Thanks Patrick, I understand what you were saying about the oil and tubes, what I was asking is that both of the rears that I have have tubes but neither has oil ports.


----------



## hoofhearted (Jan 4, 2017)

Robertriley said:


> is that badge also yours?





*Robertriley ... no, the H.S.&B Thor badge is not mine.

Seems like a fellow CABEr owns the entire machine.

*


----------



## hoofhearted (Jan 4, 2017)

Wcben said:


> Thanks Patrick, I understand what you were saying about the oil and tubes, what I was asking is that both of the rears that I have have tubes but neither has oil ports.




*Wcben ... don't know what to say ... 

If you take each Thor hub you encounter ...
and compare / contrast it with others of same
manufacturer, I would bet you will find variations.

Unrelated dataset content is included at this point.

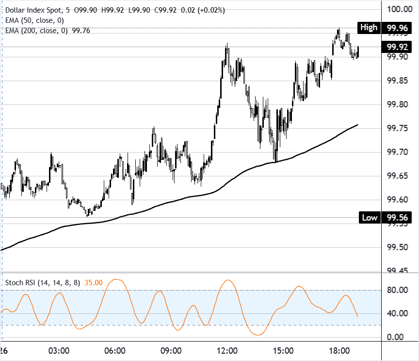美元指数(DXY)周四上涨约0.30%,从时段低点99.56附近攀升至接近99.90,美元连续第三个交易日吸引避险买盘。

Regardless ... How the heck you gonna get 
oil in those tubes ?*

*The quality-control captain ... on deck the day 
your hubs were built ... must have been asleep 
at the wheel !!* 

*It is highly possible a machinist could drill and 
tap for a replacement oil-port door.   If you don't 
trust the new threads to avoid chipping / flaking 
as they are being made ... Ace Hardware has loads 
of authentic tapered corks in a multitude of sizes.

A tiny cork in the oil-entry is certainly going to be 
less heavy than any metallic-door of sorts, used to 
retain pumped oil.

It beats runnin' dry when you're ''on the rivet'' !!

........ patric


*


----------



## filmonger (Feb 17, 2017)

1896


----------